In light of the scope limitations critiques, maybe a new psychometric model could be developed in order to find relevant dimensions or alternative latent factors in explaining differences in personality. So this became the core of this paper, as I will explain in detail in the following sections.

2. Data

The dataset, which is not anchored in the OCEAN approach, is an interesting collection of answers for a bunch of varied questions ranging from music preferences to phobias, by way of personal interests, personality traits, lifestyle and personal characteristics. It was collected via survey and the respondents were 1.010 European people ranging from 15 to 30 years old. It is convenient to mention that there were few missing values in the answers, but since the sample size is large enough we could afford carefully removing completely those rows. To know more about the list of questions, please refer to Appendix.

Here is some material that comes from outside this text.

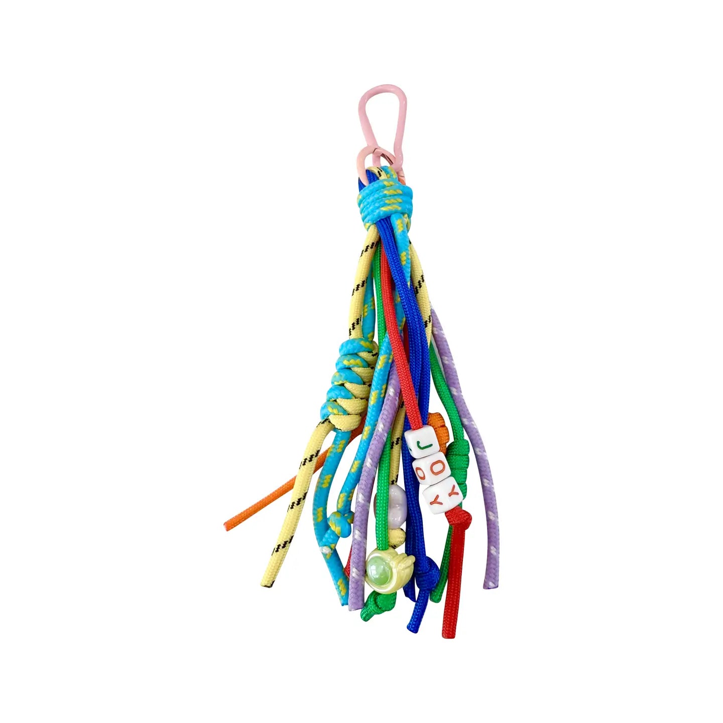 Bright and cheerful, the Sporty Bag Charm in Multi-Colored Joy adds a fun, uplifting touch to any accessory. Featuring a pink key ring with JOY beads, a heart charm, and vibrant multi-colored tassels, this playful charm instantly enhances handbags, purses, backpacks, school bags, or suitcases. Designed for versatility, it brings a pop of color and personality to any look. Equipped with a sturdy metal key ring and a secure clip, this stylish charm easily attaches to bags, keys, or even car interiors, making it a perfect statement piece for everyday use.

The sampling units are the individual responses, structured in rows. In the columns we can find the variables. The ones I have focused my analysis in are, basic characteristics on one side, and personality traits on the other.

Basic characteristics

Gender. Categorical, Male, Female.

Age. Numerical variable, but transformed into an ordinal one following this criterion:

  • 1: 15–19 yo
  • 2: 20–24 yo
  • 3: 25–30 yo (entails one year more than the other groups, but made sense since is the smaller group in terms of respondents)

Education. Ordinal variable. Categories are the following:

  • 1: Primary school
  • 2: Secondary school
  • 3: College degree
  • 4: Masters degree and PhD degree (I have joined them both since there were very few Doctors in the respondents)

Place where respondents spent most of their childhood in. Categories:

  • Village
  • City

Personality traits

To be more precise, the list does not only embrace personality traits, but also beliefs and opinions about life, which in my view can be traced back to personality traits.

It is comprised of 54 questions all of them with suggested answers in a 1 to 5 scale, being 1 strongly disagree and 5 strongly agree. Actually there were 57, but for simplicity purposes 3 were removed since they were of a different nature than the rest.

Other data of interest

Apart from the personality data, there are also questions about interests, music preferences, phobias and life aspects as lifestyle.

The answers range as well from 1 to 5 scale.

3. Methodology

In order to move further in our objective of finding valuable insights on how personality traits relate to characteristics of a person, it is convenient to spend some time first working on the list of questions for personality traits. In this sense, we are talking about a Factor analysis. The rationale behind is two-fold.

First, we want to be able to group the variables (questions) in similar dimensions without losing power of information, in other words, we want a dimension reduction. The reason why this comes handy is because moving forward it is much more convenient to work with a few variables rather than with a lot of them (remember that we are talking about 55 questions, so that makes 55 variables); especially on the prospect of working with regression techniques down the road. So in a nutshell it is as if we were screening variables for subsequent analysis.

Secondly, it will allow us to discover latent structures which maybe can build up to a form of an alternative psychometric model for personality tests.

So as there is no model that the variables were created with, or any reference we can compare them to, we need to explore if we can find the relevant dimensions underlying, so the analysis is actually an exploratory factor analysis.

Once the rationale is clear, how do we proceed?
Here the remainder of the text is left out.